Shakespeare lived a full life.
He was past fifty at his death, both his daughters were married, and he had
written thirty-seven plays, some of which had been published. The merchant's
son who had left his home for London under unclear and perhaps unhappy
circumstances had returned as one of Stratford's most prosperous citizens. He
was buried at the same church at which he had been christened , and within a few
years a monument bearing his likeness was raised in his memory. In his will
Shakespeare left the major part of his property to his wife, but he did not
neglect the fellow actors with whom he had shared so much. His wife lived to see
the publication of Shakespeare's complete works in 1623. The edition is known
as the First Folio, and was collected by John Hemminges and Henry Condell,
two
of the actors of the King's Men whom Shakespeare had remembered in his will.
Shakespeare's Time
Shakespeare lived at a crucial
and provocative time. Such famous writers as Francis Bacon, Christopher Marlowe,
Ben Jonson, and John Donne were all born within a dozen years of Shakespeare's
birth, and were publishing during his lifetime.
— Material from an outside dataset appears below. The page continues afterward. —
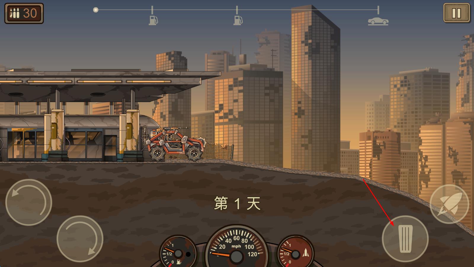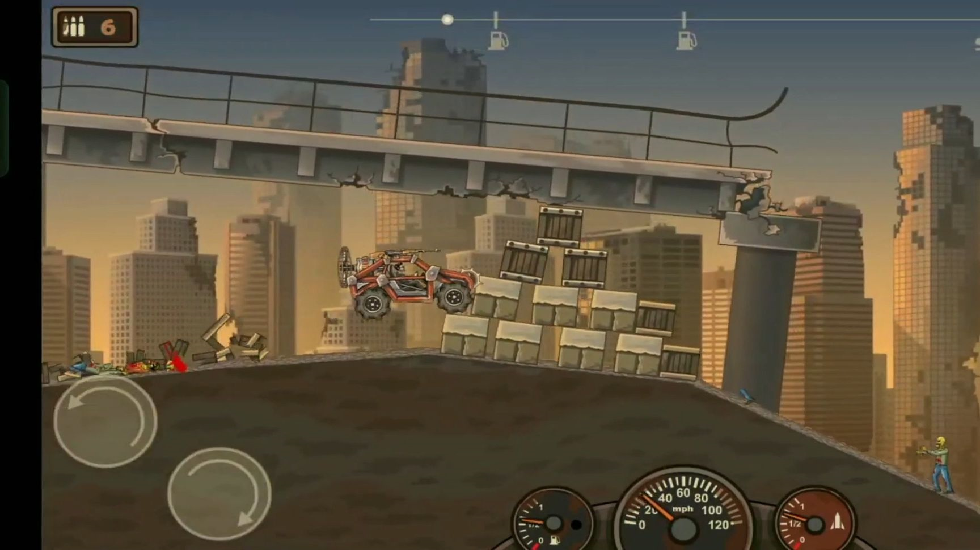 2、游戏中左侧按钮控制车辆压头和抬头,右侧是油门,火箭按钮使用推进器,驾驶时需在城市场景中穿越障碍,冲撞僵尸,注意车辆耐久避免被撞毁。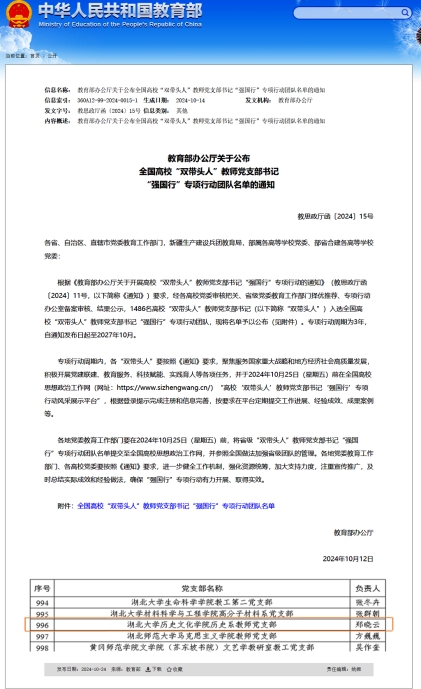 近日,教育部发布了《关于公布全国高校“双带头人”教师党支部书记“强国行”专项行动团队名单的通知》,英国365集团公司历史系教师党支部入选全国高校“双带头人”教师党支部书记“强国行”专项行动团队。

The drama was just being
recognized as a legitimate art form, and the first public theater was erected
when Shakespeare was twelve. Holinshed's Chronicles of England, Scotland &
Ireland, the source for many of Shakespeare's plots, was published only
shortly after that. During Shakespeare's lifetime many events of historical
importance occurred. France gave sanction to Protestantism; England made peace
with Spain; the colony of Jamestown in Virginia was formed; Puritanism, with its
moralistic disapproval of the theater, grew in strength; and the Kind James
Bible appeared. Much was happening in the world of the arts as well. Queen
Elizabeth pleasured herself with masques—great costumed festivals held at the
country homes of nobles—at which guests were entertained with costume balls,
and with much gaiety in the form of singing, impromptu sketches, and
spectaculars. The growingly recognized art of the theater provided fertile
ground for the efforts and innovations of a young playwright, and the dramatic
art was taken up by many and developed at an explosive rate. All this was made
secure by King James's sanction of the art.